**Task**
Set down the full listing exactly as given. Any pictures are to be left out.

**Raw data**
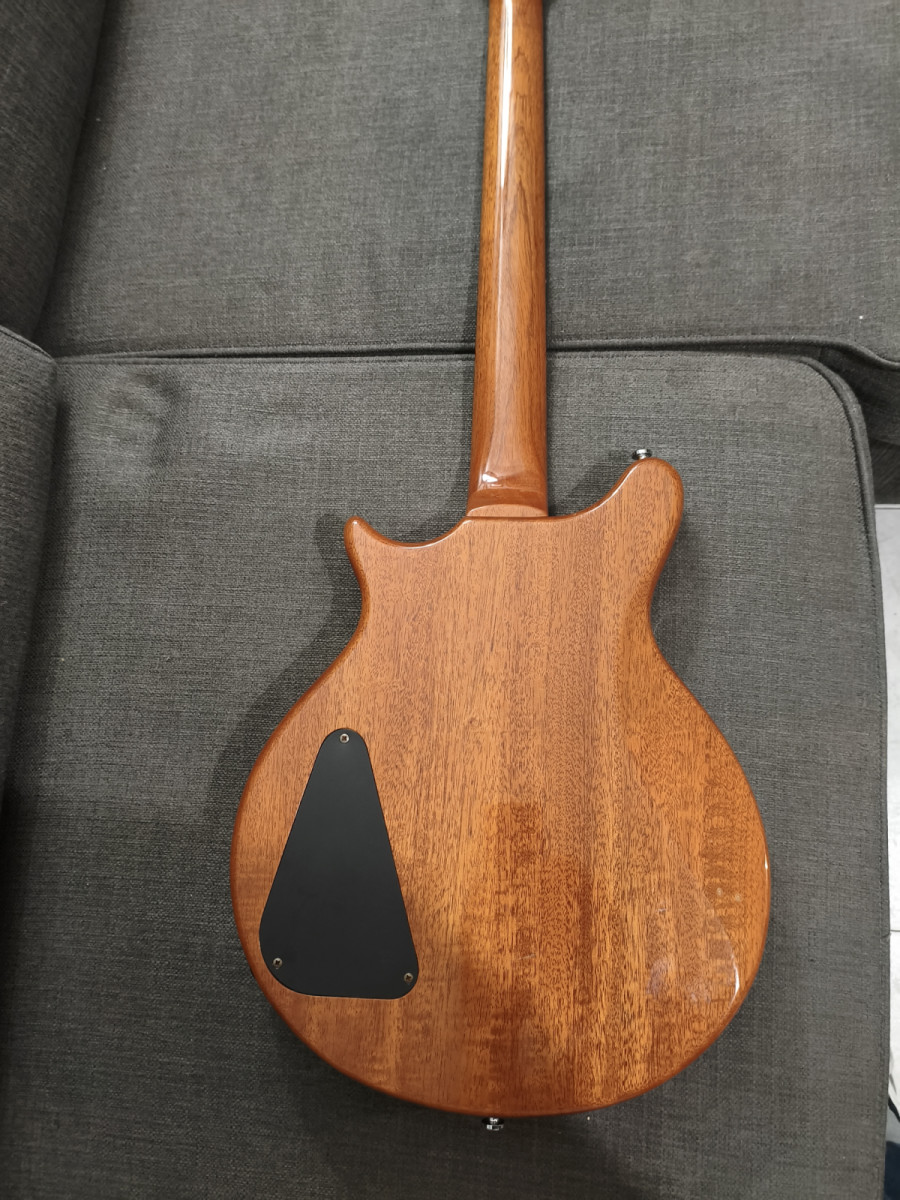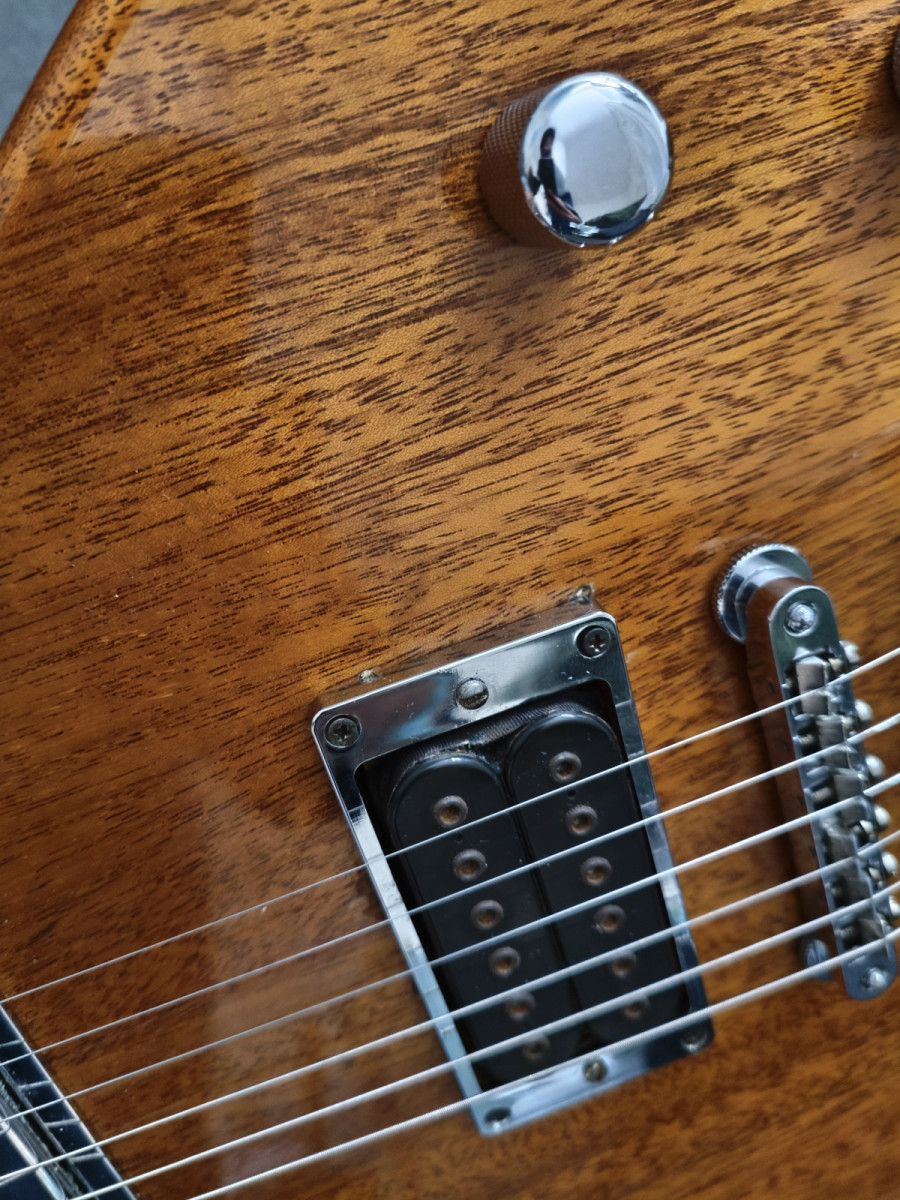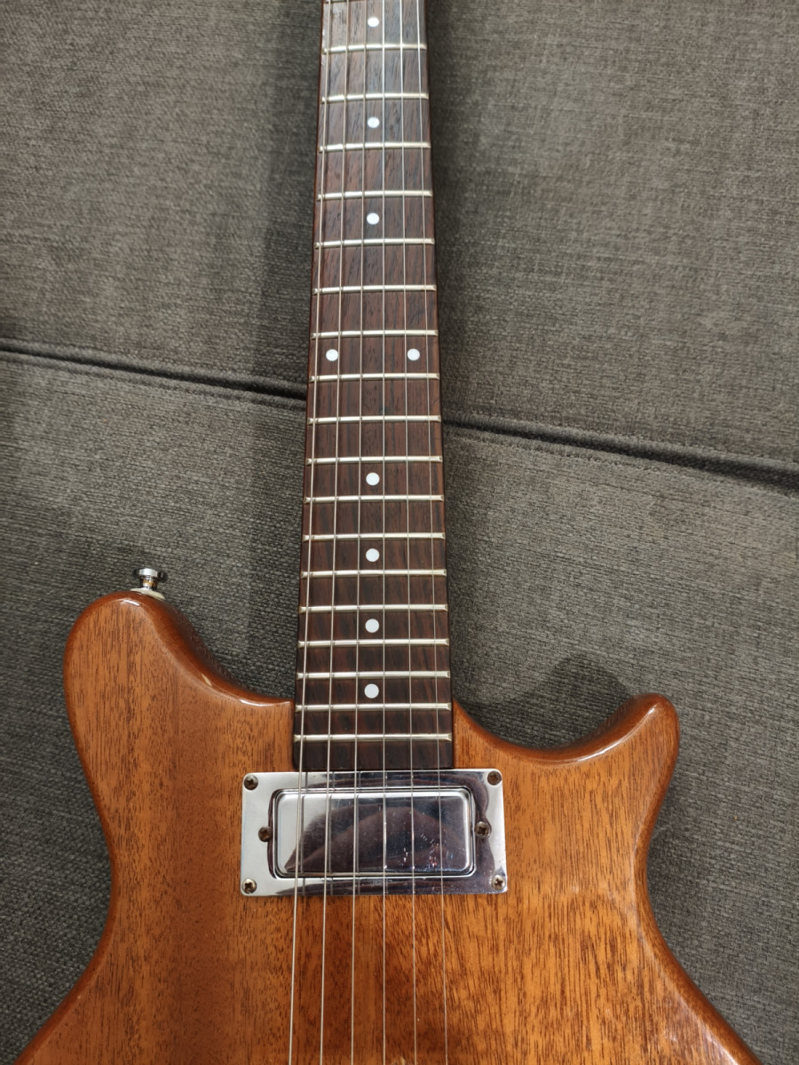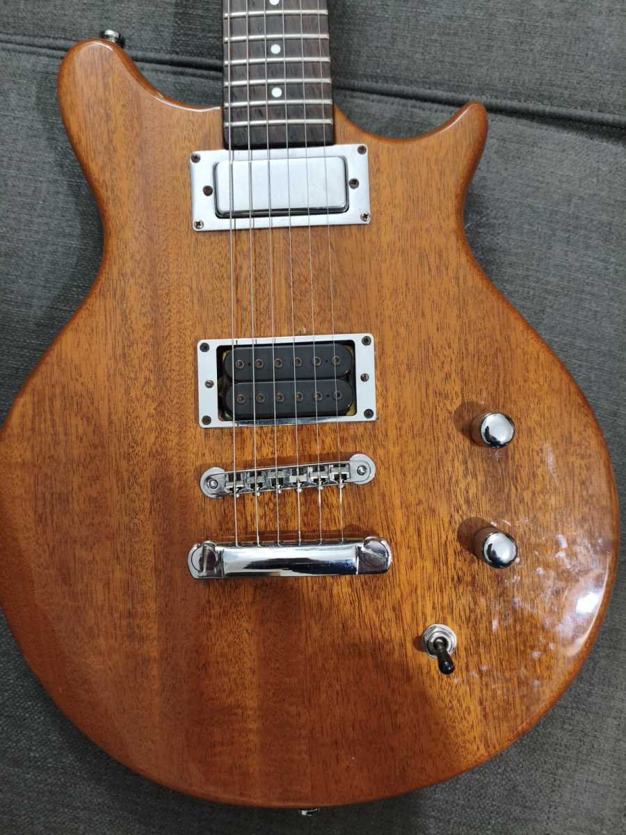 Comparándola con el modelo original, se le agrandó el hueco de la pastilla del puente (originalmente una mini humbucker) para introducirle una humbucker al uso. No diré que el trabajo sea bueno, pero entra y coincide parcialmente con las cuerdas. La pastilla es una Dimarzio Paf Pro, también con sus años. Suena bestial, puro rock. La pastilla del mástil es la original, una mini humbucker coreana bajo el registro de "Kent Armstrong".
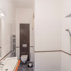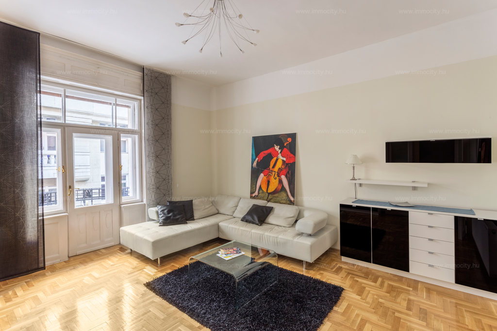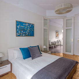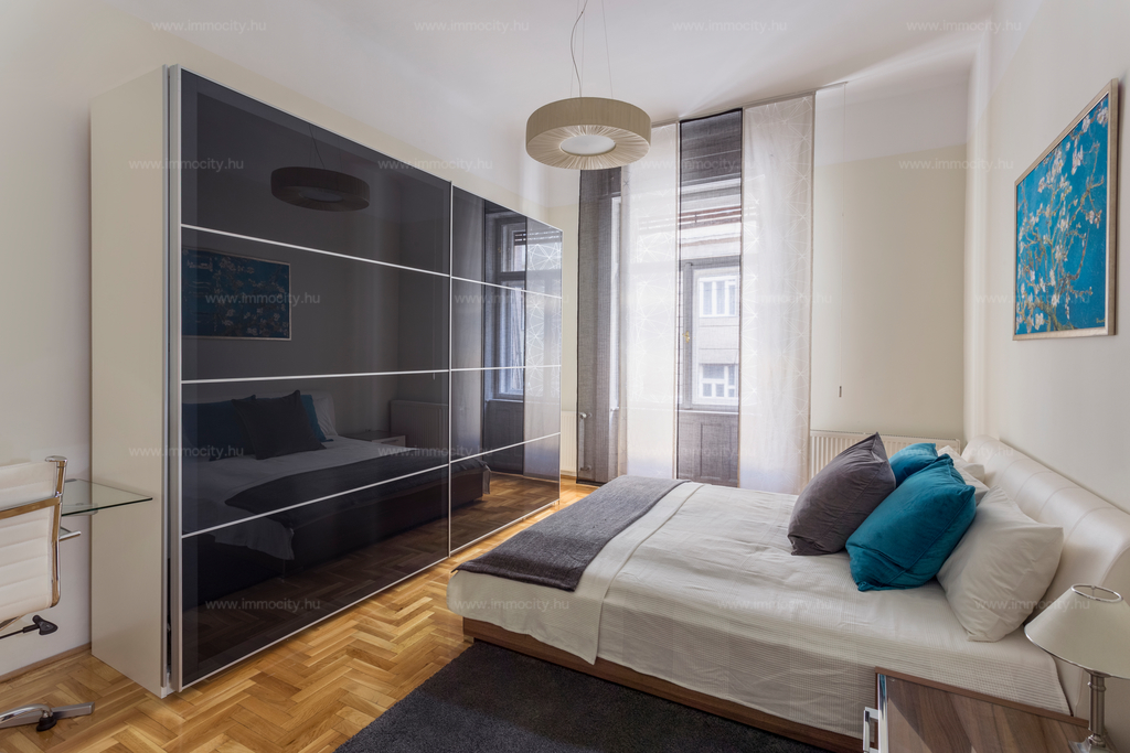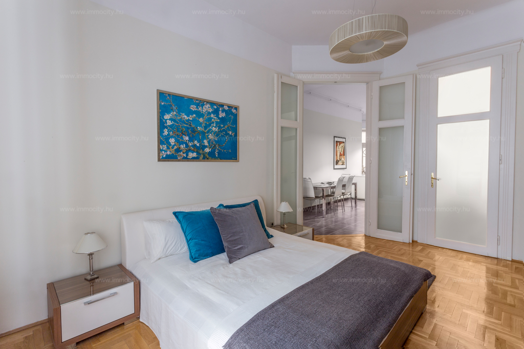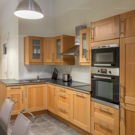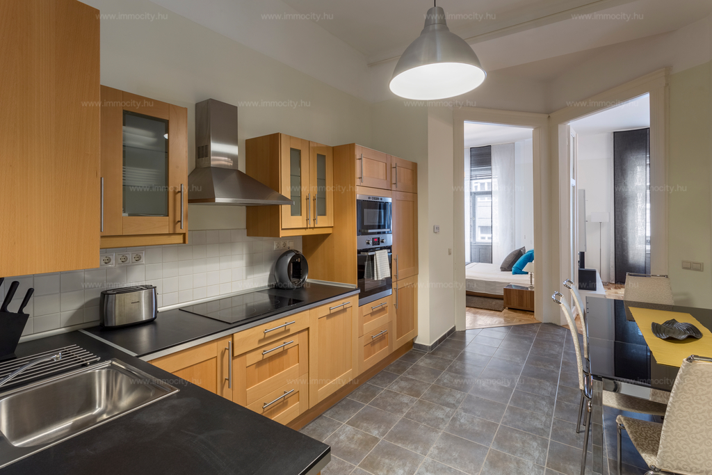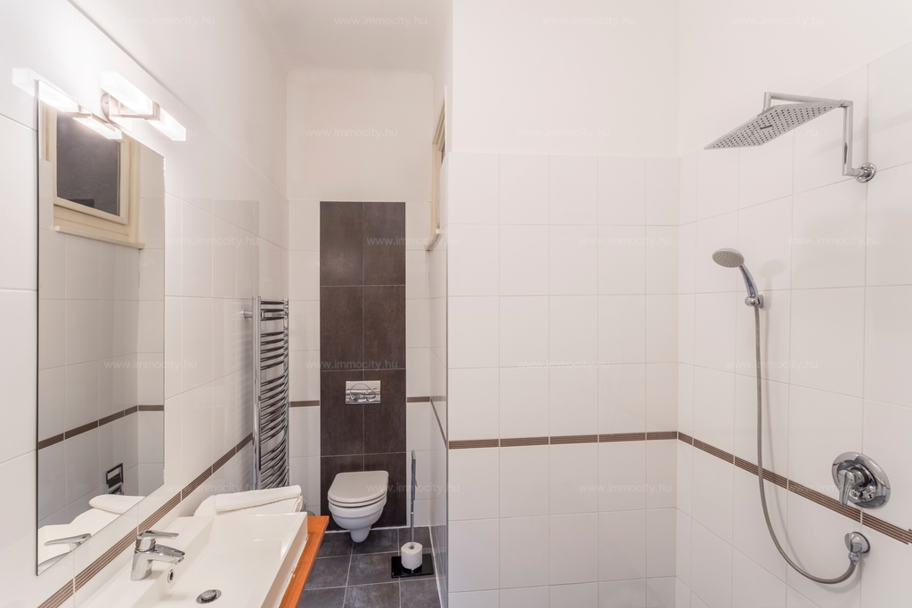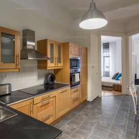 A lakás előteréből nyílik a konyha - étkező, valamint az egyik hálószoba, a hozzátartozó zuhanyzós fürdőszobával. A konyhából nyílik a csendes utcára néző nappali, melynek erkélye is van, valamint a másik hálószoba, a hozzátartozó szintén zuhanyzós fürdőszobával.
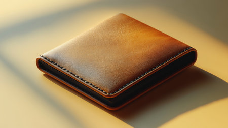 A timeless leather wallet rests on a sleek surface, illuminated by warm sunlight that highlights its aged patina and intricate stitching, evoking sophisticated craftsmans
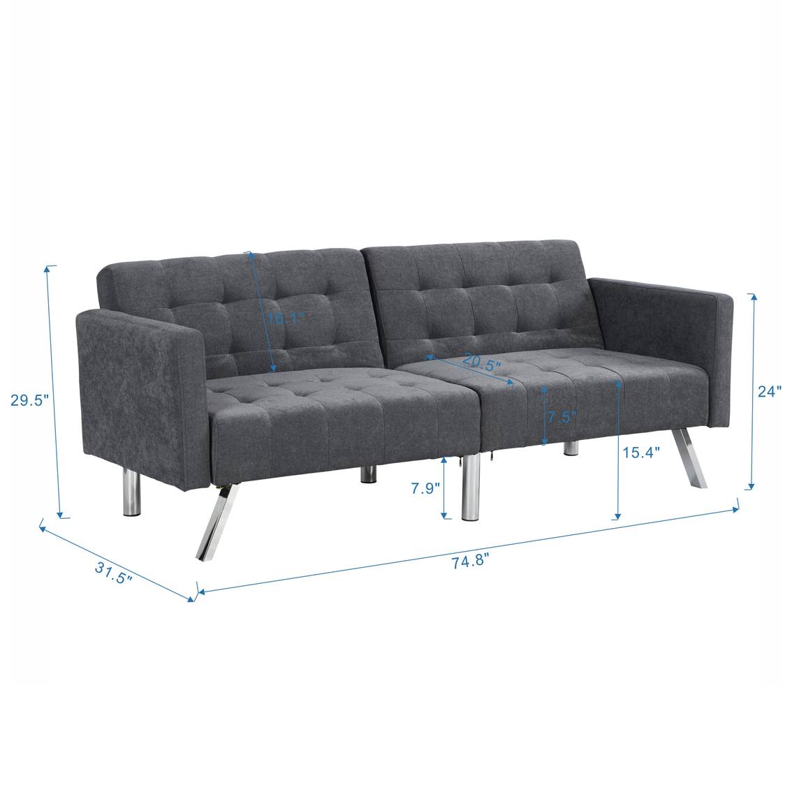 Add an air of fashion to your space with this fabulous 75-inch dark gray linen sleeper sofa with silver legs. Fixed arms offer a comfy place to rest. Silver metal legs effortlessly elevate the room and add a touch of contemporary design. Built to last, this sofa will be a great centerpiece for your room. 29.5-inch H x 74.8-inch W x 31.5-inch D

**Result of the exercise**
 Comparándola con el modelo original, se le agrandó el hueco de la pastilla del puente (originalmente una mini humbucker) para introducirle una humbucker al uso. No diré que el trabajo sea bueno, pero entra y coincide parcialmente con las cuerdas. La pastilla es una Dimarzio Paf Pro, también con sus años. Suena bestial, puro rock. La pastilla del mástil es la original, una mini humbucker coreana bajo el registro de "Kent Armstrong".
 A lakás előteréből nyílik a konyha - étkező, valamint az egyik hálószoba, a hozzátartozó zuhanyzós fürdőszobával. A konyhából nyílik a csendes utcára néző nappali, melynek erkélye is van, valamint a másik hálószoba, a hozzátartozó szintén zuhanyzós fürdőszobával.
 A timeless leather wallet rests on a sleek surface, illuminated by warm sunlight that highlights its aged patina and intricate stitching, evoking sophisticated craftsmans
 Add an air of fashion to your space with this fabulous 75-inch dark gray linen sleeper sofa with silver legs. Fixed arms offer a comfy place to rest. Silver metal legs effortlessly elevate the room and add a touch of contemporary design. Built to last, this sofa will be a great centerpiece for your room. 29.5-inch H x 74.8-inch W x 31.5-inch D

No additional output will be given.